Иннокентий (вяло): Вы что же, Николай, считаете, что цель оправдывает средства, и любой грех простителен?
Белгородцев: Нет! Нет! Не грех! Но я считаю, что извиним человек, совершающий грех свой во имя чего-то действительно святого! Его нельзя просто записать в негодяи и преступники! Для верующего человека совершить грех во имя какой-то великой цели – это почти подвиг! Поймите, для верующего человека смерть не страшна, даже и мученическая. Он идёт на неё почти с радостью, ибо верит что муками искупляет грехи свои, что после них ждёт его царствие небесное. Пожертвовать жизнью для верующего человека не так страшно. Но – душой! Но – спасением души! Вообразите! Что значит для верующего во Христа человека во имя чего-либо осознанно пойти на тяжкий грех, который, быть может, лишит его небесного царствия, погубит бессмертную его душу?! Вот! В этом силища-то какая! Представьте, что должно твориться в нутре у него! Какая мука это! Может быть, и пострашнее крёстной! Положи душу за други своя – в этом суть!
Иннокентий: И вы что же, считаете, что любой грех простить можно?
Белгородцев: Нет! Не любой! Нельзя простить единственно предательства! Даже «не убий» – имеет свои исключения. Убийство может быть оправданно! Как, если оно, например, совершенно в бою… А предательство – никогда! Предательство страшнее всего! Это самый первый, самый тяжкий грех! Ибо предатель есть Иуда! И ему нет прощения ни у людей, ни у Бога! Предательства прощать нельзя никогда!
Вика (тихо): Скажите, Николай, а вы не боитесь смерти?
Белгородцев: Нет! К чему бояться неизбежного? И потом, смерти должны бояться те, чья совесть нечиста, ибо на Страшном Суде им может быть отказано в райском благополучии… А я… Знаете, жизнь земная так тяжела, что я сомневаюсь, что жизнь загробная будет страшнее! И не столь отвратительна сама смерть, сколь страх перед нею! Страх перед смертью умаляет человека, парализует его волю, унижает его. В конечном счёте, боязнь смерти не достойна человека! Он должен быть выше этого!
Вика: Вы, пожалуй, правы… Жизнь – штука дурная… И исхода нет…

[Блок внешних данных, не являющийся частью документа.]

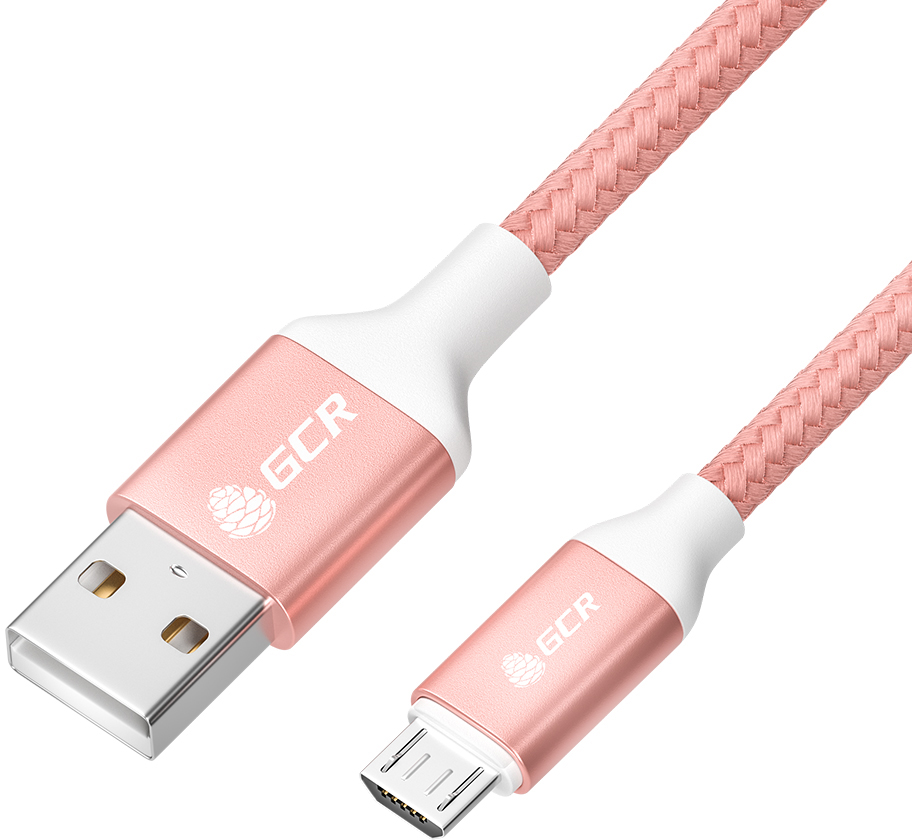 GCR QC Кабель 0.5m MicroUSB, быстрая зарядка, розовый нейлон, AL корпус розовый, белый ПВХ, 28/24 AWG, GCR-52464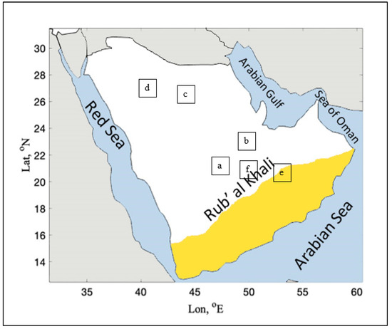 Locations with the highest solar irradiance in the Arabian Peninsula are highlighted in yellow. Points a–f represent locations used to check the efficiency of the machine learning ResNet model.

Белгородцев (утирая пот со лба): Но мир спасёт любовь! Ибо без любви всё мертво! Как говорил один старец: «Вера без любви – фанатизм, справедливость без любви лицемерие, богатство без любви – алчность, амур без любви – разврат!» Христос велел нам любить ближнего! И именно такая любовь и есть залог светлого нашего будущего!

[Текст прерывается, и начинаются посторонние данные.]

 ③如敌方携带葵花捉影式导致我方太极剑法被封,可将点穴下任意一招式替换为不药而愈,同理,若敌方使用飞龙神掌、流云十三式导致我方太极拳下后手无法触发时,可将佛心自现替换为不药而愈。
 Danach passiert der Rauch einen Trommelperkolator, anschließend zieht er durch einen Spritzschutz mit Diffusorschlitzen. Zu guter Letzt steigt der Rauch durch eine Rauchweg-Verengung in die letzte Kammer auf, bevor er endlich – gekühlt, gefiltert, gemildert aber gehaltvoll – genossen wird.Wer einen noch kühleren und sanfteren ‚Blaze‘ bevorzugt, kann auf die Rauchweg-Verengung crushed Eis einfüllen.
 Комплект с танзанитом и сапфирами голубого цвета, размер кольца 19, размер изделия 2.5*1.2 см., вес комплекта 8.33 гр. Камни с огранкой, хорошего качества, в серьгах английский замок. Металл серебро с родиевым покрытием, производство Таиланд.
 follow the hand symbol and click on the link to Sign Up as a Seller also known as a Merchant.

Левадовский (насмешливо): Браво!
Белгородцев: Вам всего этого не понять. Вы человек низкий…
Левадовский: Ну-ну! Что ж, друзья мои, благодарю за обед и приятную беседу. Мне пора!
Иннокентий: Уже уходишь?
Левадовский: Да! Ты же знаешь: у меня теперь ни минуты. Я ведь скоро депутатом буду!
Егор: Ты?!
Левадовский: Я!
Егор: Хотел бы я видеть болвана, который тебе поверит…
Левадовский: Вот, твои-то люди и поверят! Как только я им посулю какую-нибудь халяву.

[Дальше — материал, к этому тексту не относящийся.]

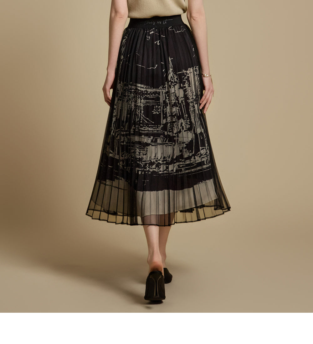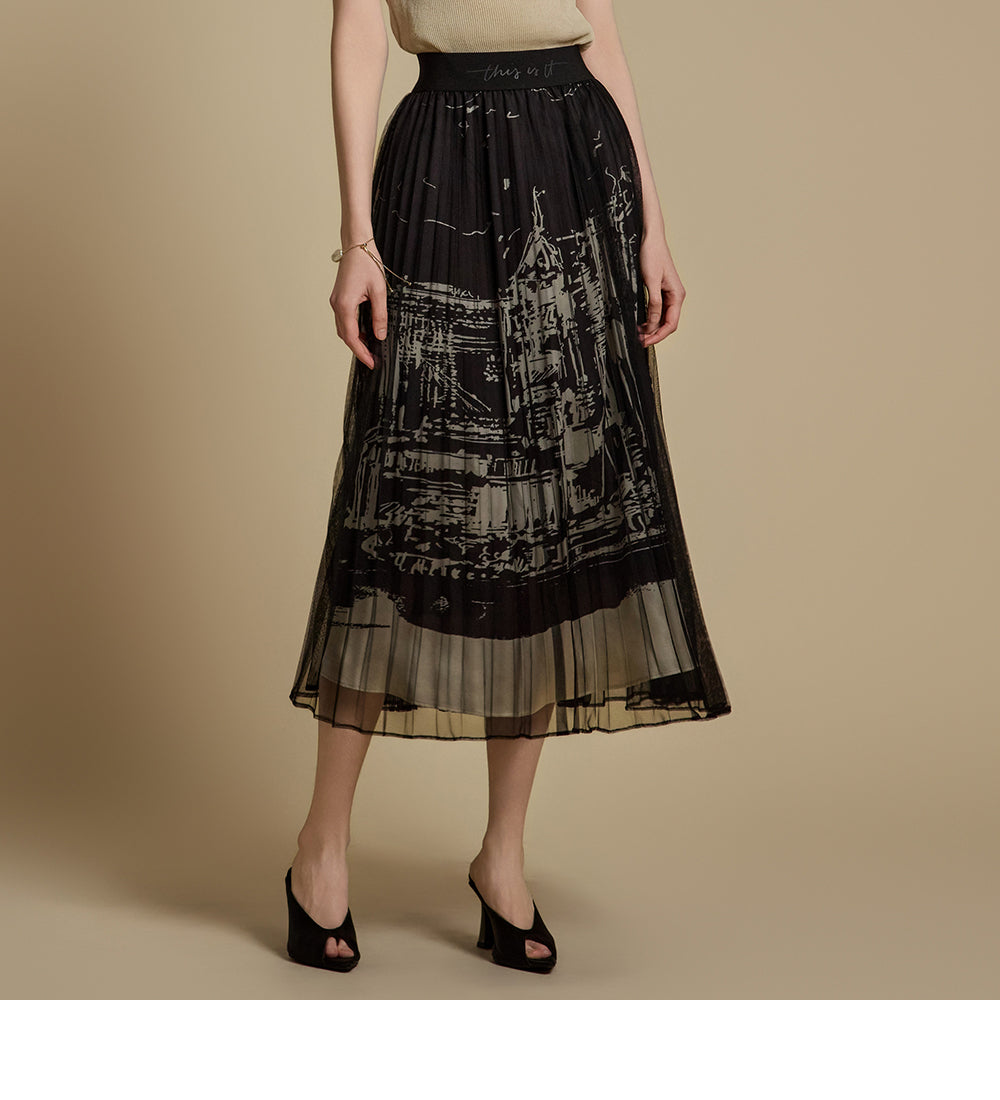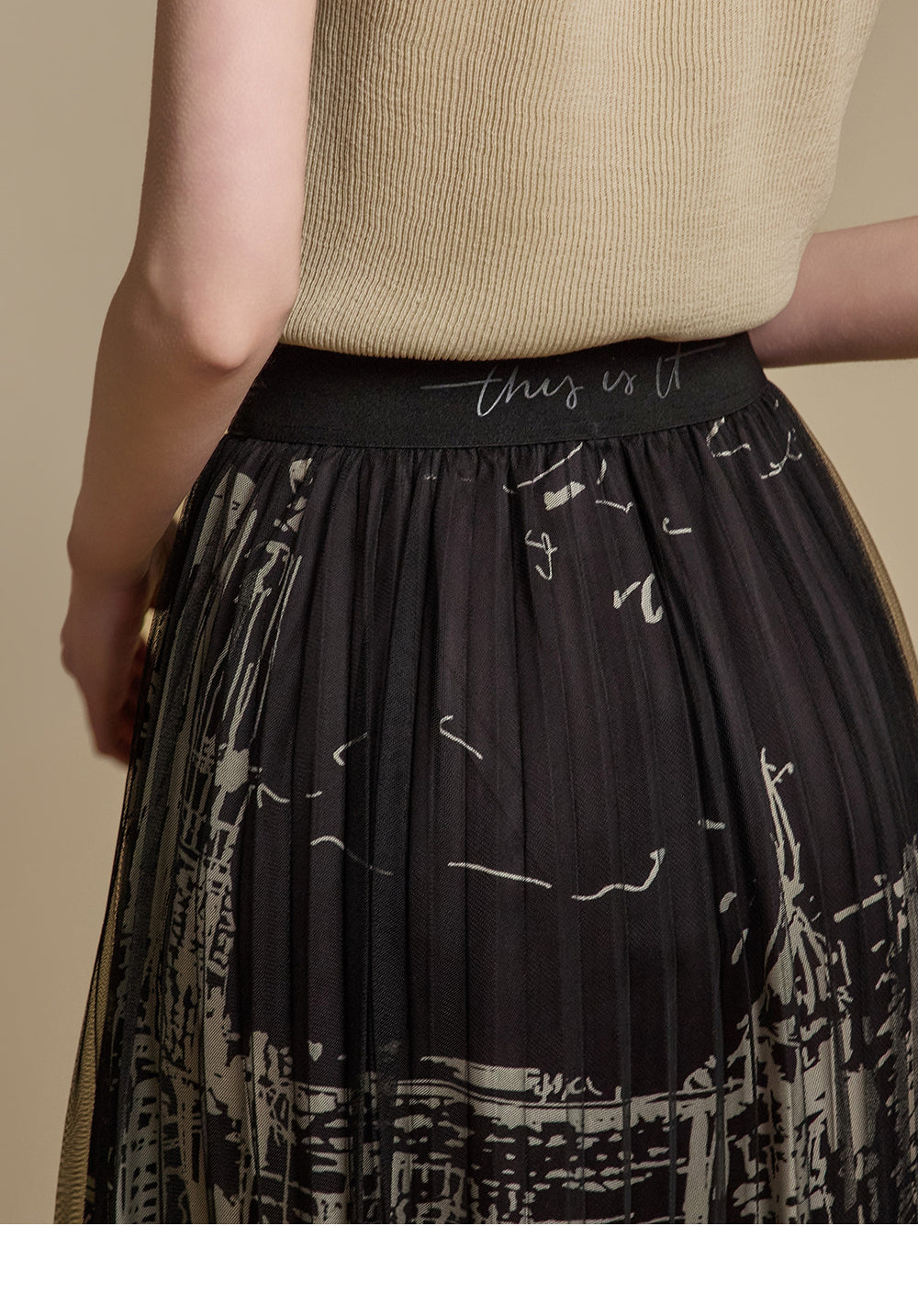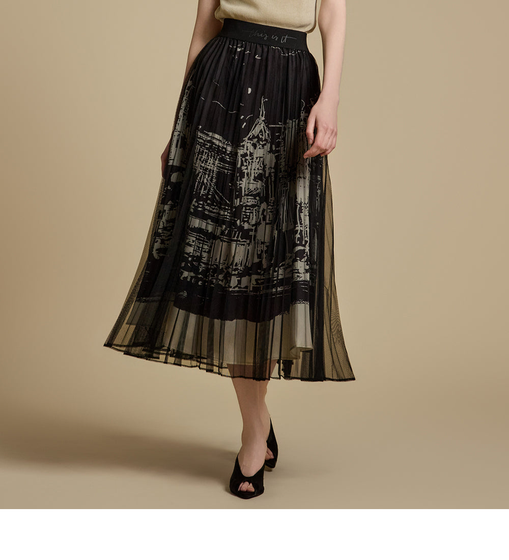 洗練されたスタイリッシュな印象を与えるプリント柄プリーツスカートです。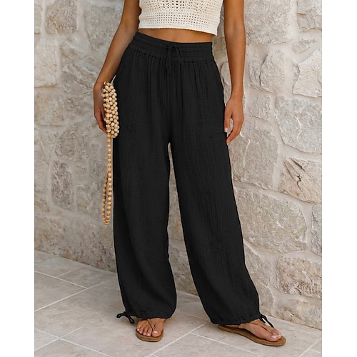 Per donna Gamba larga Vacanza Lunghezza intera Vita Alta Comodità Inelastico Casuale Quotidiano All'aperto Blu Corallo Nero Giallo Estate Primavera Vestibilità comoda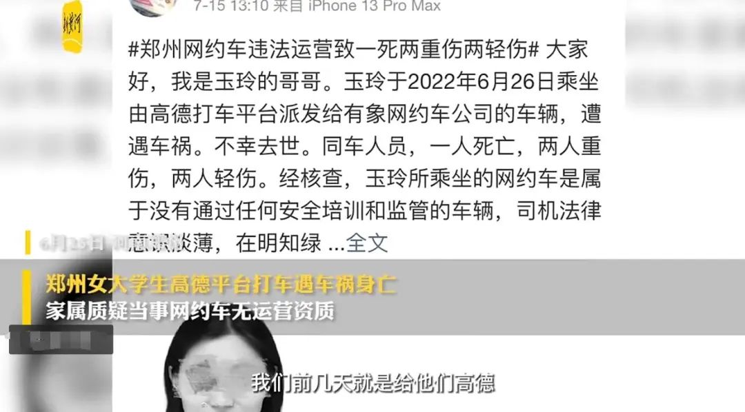 据新黄河客户端报道,6月26日,郑州一女大学生苏玉玲和朋友在郑州乘坐由高德打车平台派发给“有象约车”的网约车时遭遇车祸,不幸去世,同车人员还有两人重伤,两人轻伤。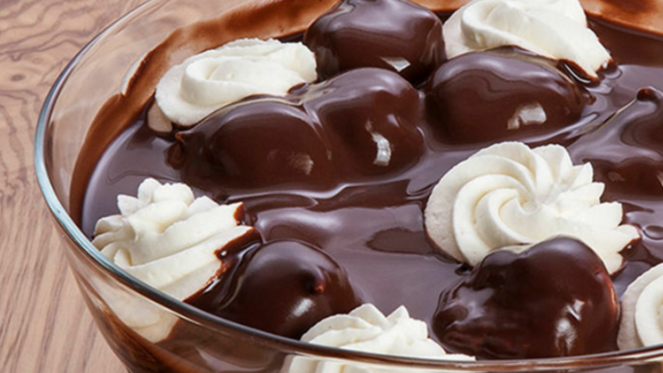 Προφιτερόλ εύκολο με σοκολάτα γάλακτος, σουδάκια και κρέμα πατισερί.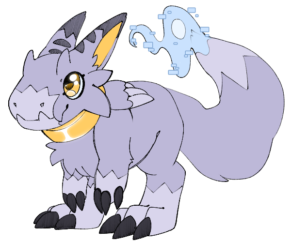 <Structure> [FREE]<An Evolution of Nullmon, seemingly built form the data of [DORUmon]. Little is known about this Digimon, and its absence from the Host Computer's Data is puzzling.><Scans of its data has shown a mix of different Digimon within its coding. [Lunamon], [Coronamon], and [Salamon] have traces interlaid on top of the [DORUmon] data. One individual has even had [Human] Data mixed in, however we are unsure how that came to be.>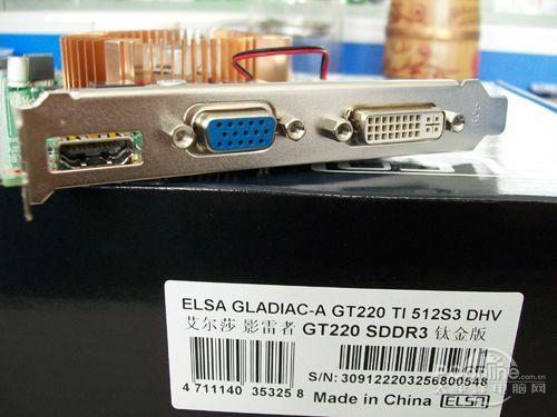 艾尔莎 影雷者-A 220GT TI 512S3 DHV 钛金版显卡在输出接口上采用了完整的HDMI+VGA+DVI的接口组合,HDMI接口支持音频和视频同步输出并不需要而外连接SPDIF接口,输出接口最大支持2560X1600分辨率。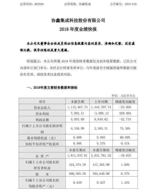 2月19日,協鑫集成(002506)公布2018年度業績快報,實現營業總收入1112467.73萬元,較上年同期減少23.00%;實現營業利潤7092.11萬元,較上年同期增長329.06%;實現歸屬于上市公司股東的凈利潤4158.99萬元,較上年同期增長74.36%。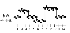 三、若製程平均值如下圖,以分散方式抽樣,每 5 個樣本形成一個樣本組。則

Северцева: Ну, знаете ли, всякому цинизму предел есть! Я думаю, вам лучше уйти, а то вы далеко зайдёте!
Левадовский: Ваша воля, Ольга Михайловна, для меня закон. Удаляюсь! Будьте здоровы! (шутливо раскланивается и уходит)

Сцена 2

Те же, кроме Левадовского.
Егор: Слава Богу, ушёл! Даже воздух чище стал сразу… А ты, Пикассо, молодец! Здорово его срезал!
Северцева: Ну, хватит уже! Давайте поговорим о чём-нибудь прекрасном! Иннокентий, расскажи о своей новой книге.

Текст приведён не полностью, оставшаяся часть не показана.